Ways to solve complaining about ATI's filtering?

Bouncing Zabaglione Bros. said:
If it's the case that the hardware supports it, which I expect it does, as R420 does actually do trilinear where needed.

The hardware supports full trilinear, there's no question about it. The driver tells the hardware what to do.

Bouncing Zabaglione Bros. said:
I also voted for a checkbox in the CP, for the same reason - it allows ATI to keep the high ground and lets customers feel happier even if they are actually losing out on a good optimisation.

Some people (like me), need to see/feel what they're losing out on. :LOL:
 
Bouncing Zabaglione Bros. said:
mikechai said:
Well, if I shelf out $499 to buy the card and want to use *traditional* full trilinear(since the card can do it, but was disabled), will this be a good enough reason ?

If the card doesn't offer it, only "smartfiltering" (ie better, faster), then you can't have it. Just like you can't have non-angle dependent AF on R420 or NV40.

The card does offer it, but the driver doesn't! ;)
 
Even a registry key toggle would do. That would allow 3rd party tool makers to support it, even if ATI don't want to.

Rys
 
Drak said:
Quitch said:
Which is exactly why asking for a way to disable it at this point seems a little premature. Why disable a good as/higher IQ + higher performance method, except through not really understanding it?

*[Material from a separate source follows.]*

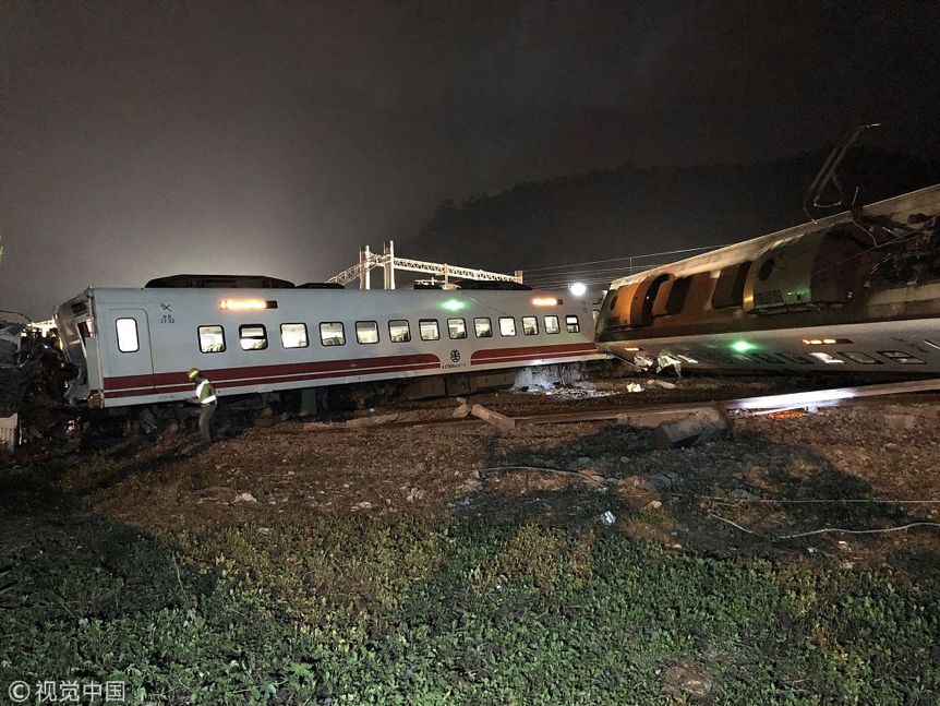 2018年10月21日16时50分,台湾宜兰苏澳新马车站发生列车出轨侧翻意外,有数节车厢旅客受困,事故致18人死亡、187人受伤。图为事故现场。

I don't think the cry should go out for such an option unless the method is found inferior, which so far it hasn't. Even if it is, who's to say this isn't one or two easily correctable cases? Some people seem obsessed with maintaining very old tech because they understand what it does. "I know what tri does so I wish to force it because tri is best." It's living in the past.

So, because you don't get why people would like to disable trylinear, you want to impose your point of view on others so they can't disable it?

Choice is always power. It's not the fact that we want to disable it, we want to have the choice. We can try it on/off, probably decide that we want it on and be very happy with it.

You have to remember, it's in human nature to yearn for what you can't have. People are rarely satisfied with what they have. By removing the option for full trilinear, ATI is making it more desirable than it should be.

ATI have already stated that the driver is already running an analysis in software (at texture upload time) and sets a flag or variable to enable/disable trylinear for that texture in hardware. I bet it's not even going to cost them one miserable man/hour to put an "if registry entry exists then set trylinear flag to 0". Come on. One man hour is very generous . They'd need maybe 20 minutes to implement the option and 40 minutes to test it.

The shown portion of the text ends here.